Head-mounted eye tracker videos and raw data collected during breathing recognition attempts in simulated cardiac arrest.

This paper presents data collected by Pedrotti et al. (2022, 2024) [1,2], which includes videos captured using a Dikablis head-mounted eye tracker (Ergoneers GmbH, Germany), along with the corresponding raw data. The data collection aimed to assess participants' ability to recognize breathing in a simulated cardiac arrest scenario. Equipped with the eye tracker, participants entered a room where a manikin was positioned on the floor. Their task was to determine if the manikin was breathing and respond accordingly, such as initiating cardiopulmonary resuscitation if the victim was not breathing. Our analysis focused on examining looking time on the manikin's thorax by inspecting the videos. Potential applications of the dataset [3] include identifying fixation and saccades using custom algorithms, analyzing pupil diameter data, and conducting secondary analyses involving participant characteristics like age and gender as independent variables.

Visual Fixation on the Thorax Predicts Bystander Breathing Detection in Simulated Out-of-Hospital Cardiac Arrest, but Video Debriefing With Eye Tracking Gaze Overlay Does Not Enhance Postallocation Success Rate: A Randomized Controlled Trial.

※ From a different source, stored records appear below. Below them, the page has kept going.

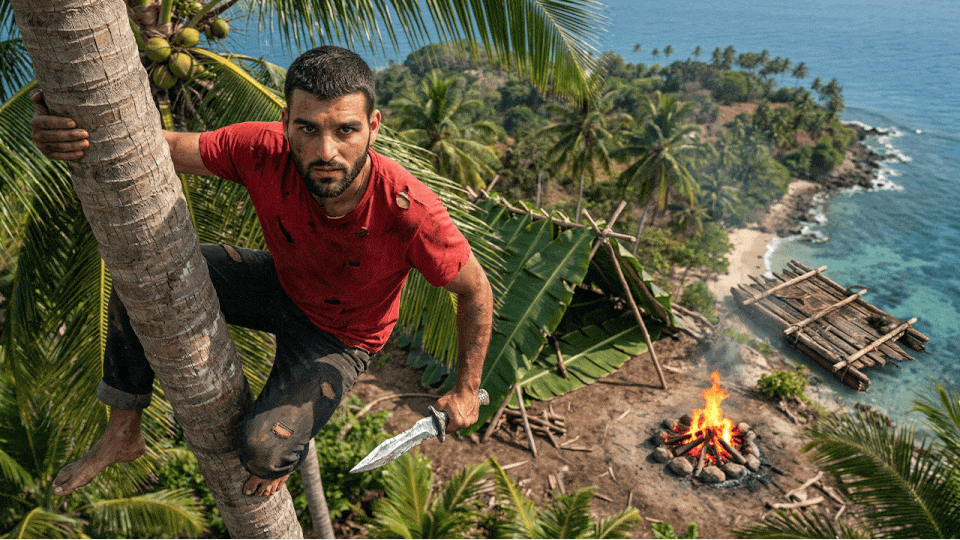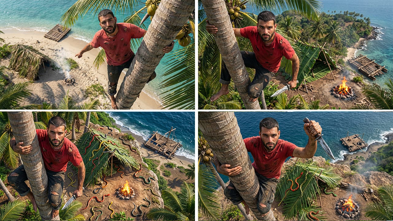 The video tells the story of how he ended up on a deserted island unprepared and survived there for three days. I wanted to find a more interesting angle, so it wouldn’t feel like just another thumbnail of a man on an island. The goal was to convey the scale of the island while also showing that Andrew had already settled in there. (I think that came across successfully.)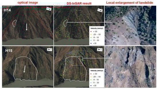 Due to the influence of vegetation coverage and the geometric distortion of SAR imaging, it was difficult to completely identify landslide hazards in the study area using DS-InSAR technology alone. Therefore, a remote sensing interpretation of landslides identified using DS-InSAR technology was conducted using Google Earth images and Landsat-8 images. In doing so, two newly discovered landslides were identified and numbered H14 and H15, respectively (Figure 9). Compared with the DS-InSAR results, no obvious deformation phenomena were found in these two landslides.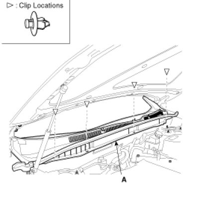 Detach the clips, then remove the cowl top cover (A).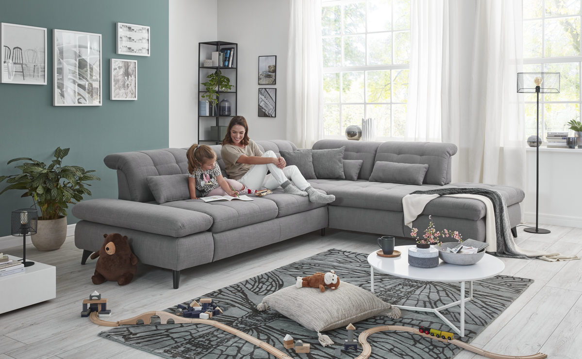 Die Eckkombination Santa Rosa der Firma Kawoo ist in einem tollen hellgrau / silber Ton gehalten.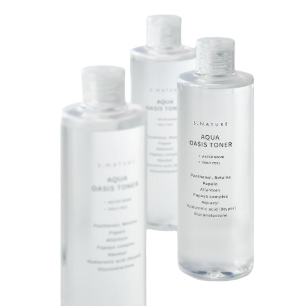 S-NATURE Aqua Oasis Toner 300ml, Korean hydrating toner, hyaluronic acid face toner, K-beauty oasis toner, sensitive skin soothing toner, S-NATURE Korea, moisture layering toner, alcohol-free face toner, deep hydration toner large size, skin texture refining toner.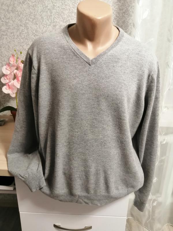 Чоловічий сірий светр,розміром L Склад 90% шерсть та 10% кашеміру. Якість відмінна, м'якенький, теплий, гарно тягнеться. Маде ін China. В ідеальному стані, заміри на фото.

INTRODUCTION: Bystander cardiopulmonary resuscitation in out-of-hospital cardiac arrest is associated with higher survival rates. Even trained health care staff cannot assess breathing well enough to detect cardiac arrest. Recognition of cardiac arrest by lay rescuers might be overlooked in adult basic life support resuscitation guidelines, which explain what to do, but not how to do it. The 2015 Adult Advanced Life Support Resuscitation Guidelines recommend to "look for chest movement." We hypothesize (1) that instructing lay rescuers to look for chest movement allows detecting breathing (or lack thereof); (2) that showing a person their own recorded gaze overlay during a video debriefing intervention enhances breathing detection at postallocation; and (3) that the more time spent looking at a cardiac arrest victim's chest, the greater the probability of detecting breathing (or lack thereof). METHODS: Monocentric, blinded, prospective, 2-arm parallel randomized controlled trial with balanced randomization (1:1). The design entailed a preallocation simulation, an intervention (video debriefing with or without gaze overlay), and a postallocation simulation. A follow-up simulation took place after 6 months. The main outcome measured was success in detecting breathing. Participants were all prospective students of a bachelor's degree program in nursing. RESULTS: All participants performed better at postallocation (success rate at preallocation = 59%, postallocation = 79%, χ 2 = 7.22, P < 0.01) regardless of viewing their own gaze overlay during video debriefing. We failed to obtain a sufficient number of participants for the follow-up simulation. Instructing lay rescuers to look for chest movement allows them to detect breathing (or lack thereof). Each second spent looking at the thorax increased the odds of successfully detecting breathing by 38%. Mean thorax gaze duration significantly increased by 5.95 seconds (95% confidence interval = 4.71-7.31) from preallocation (3.46 seconds, SD = 4.16) to postallocation (9.41 seconds, SD = 5.98). Laypersons' median diagnosis time was 15.5 seconds (range = 2-63 seconds), similar to another study (13 seconds, range = 5-40 seconds). CONCLUSIONS: This is the second study in which the median time to decision exceeded the maximum 10 seconds recommended. International guidelines should consider increasing the time allowed for the "check breathing" step of bystander cardiopulmonary resuscitation procedures.